YSK’nın İstanbul seçimlerinin iptali istemiyle AK Parti’nin yaptığı başvuruyu sonuçlandırmasına kısa bir süre kala ilginç gelişmeler yaşanıyor.
“Hiçbir şey olmasa da bir şeyler oldu ama biz fark edemedik” sözleriyle 2019 yerel seçimlerinin unutulmaz ismi haline gelen AK Parti’nin Seçim İşlerinden sorumlu Genel Başkan Yardımcısı Ali İhsan Yavuz dün basın toplantısı yaparken, aynı dakikalarda TV’lerin altyazılarından “İstanbul’da sandık kurullarına 32 ayrı soruşturma” haberi geçmeye başladı.
Siz ne derseniz deyin, bu “eşzamanlılık” hiç tesadüf gibi durmuyordu. Zaten konuyla ilgili bir soruyu yanıtlayan Yavuz, hem şaşırmadıklarını, hem kendilerinin de suç duyuruları için çalıştıklarını söylüyordu.
Yavuz’un basın toplantısında yaptığı açıklamaların hiçbiri bende “Bu detay sonucu etkiler, iptal getirebilir” duygusu yaratmadı.

ŞİKAYETÇİ İLÇE SEÇİM KURULLARI

Ancak, İstanbul’da Anadolu yakasında 3 ilçede başlatılan 32 soruşturma ve 100’den fazla ifade alma işlemi, durumun değişebileceğini düşündürdü.
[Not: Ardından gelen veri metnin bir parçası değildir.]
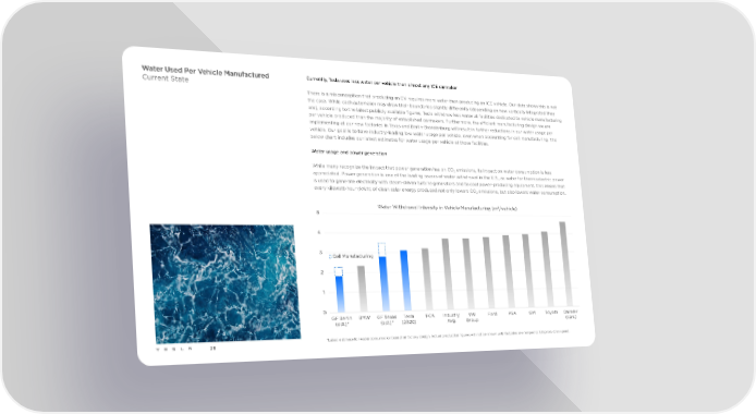 Water Used Per Vehicle Manufactured Currently, Tesla uses less water per vehicle than almost any ICE carmaker Current State There is a misconception that producing an EV requires more water than producing an ICE vehicle. Our data shows this is not the case. While each automaker may draw their boundaries slightly differently (depending on how vertically integrated they are), according to the latest publicly available figures, Tesla withdrew less water at facilities dedicated to vehicle manufacturing per vehicle produced than the majority of established carmakers. Furthermore, the efficient manufacturing design we are implementing at our new factories in Texas and Berlin-Brandenburg will result in further reductions in our water usage per vehicle. Our goal is to have industry-leading low water usage per vehicle, even when accounting for cell manufacturing. The below chart includes our latest estimates for water usage per vehicle at those facilities. Water usage and power generation While many recognize the impact that power generation has on CO emissions, its impact on water consumption is less 2 appreciated. Power generation is one of the leading causes of water withdrawal in the U.S., as water for thermoelectric power is used to generate electricity with steam-driven turbine generators and to cool power-producing equipment. This means that every kilowatt-hour (kWh) of clean solar energy produced not only lowers CO emissions, but also lowers water consumption. 2 3 Water Withdrawal Intensity in Vehicle Manufacturing (m /vehicle) 5 4 3 Cell Manufacturing 2 1 0 GF Berlin BMW GF Texas Tesla FCA Industry VW Ford PSA GM Toyota Daimler (est.)* (est.)* (2020) Avg. Group (cars) *Latest estimate for water consumption based on factory design. Actual production figures will not be known until factories are ramped to full production speed. 28

Zira suç duyurularının bir bölümünü AK Parti ile MHP, geri kalanını da sandık sayımlarında suç şüphesi olacak durumlar bulunduğu gerekçesiyle İlçe Seçim Kurulu Başkanlıkları yapmıştı. Bu şu anlama geliyordu:
Suç duyurusu yapan ilçe seçim kurulu başkanlıkları, bizzat belirledikleri bazı sadık kurulu yöneticilerinin sandık kurulu yöneticisi olma vasıflarını taşımadığı ve sandık sayımlarında “görevi kötüye kullanma” ve “seçim kanununa muhalefet” suçlarını işlediğine dair şüphe duymaya başlamış.
İnsanın aklına ister istemez o başkanlıkların bu kritik suç duyurusunu, 31 Mart 2019 günü başlayan ve herkesin gözü önünde 17 gün süren, sayım ve birleştirme işlemleri sırasında neden yapmadığı sorusu geliyor.
Hadi diyelim ki sandık başında, ilçe seçim kurullarındaki tekrar sayımlarda AK Parti ve MHP’li sandık kurulu üyeleri, müşahitleri atladı. Peki sandık kurullarını oluştururken, o kurullar 17 gün boyunca oyları sayıp birleştirirken görevi kötüye kullanma ve seçim kanununa muhalefet suçlarını fark edemediler mi?

TAYİN ENDİŞESİ

Bu soruya yanıt ararken, bir yargı mensubu ilginç bir detay paylaştı.
Seçim kurullarında hakimlerin bulunduğuna, başkanlığı da en kıdemli olanın yaptığına dikkat çeken kaynağım, İstanbul’da seçim kurullarında görev yapan hakimlerin tayin edilme endişesi yaşamaya başladığını söyledi.
Yargı camiasındaki atamaları takip eden bir Ankara gazetecisi olarak onlara özel bir kararname çıkmayacağını düşünüyorum.
Ancak, biraz soruşturunca, kaygının Haziran ayında gündeme gelecek yaz kararnamesi ile ilgili olduğunu öğrendim.
YSK İstanbul seçimini iptal etse de etmese de Hakimler Savcılar Kurulu’nun açıklayacağı yaz kararnamesinde İstanbul’daki seçim kurulu üyesi hakimlerin durumuna detaylıca bakmakta yarar olacak.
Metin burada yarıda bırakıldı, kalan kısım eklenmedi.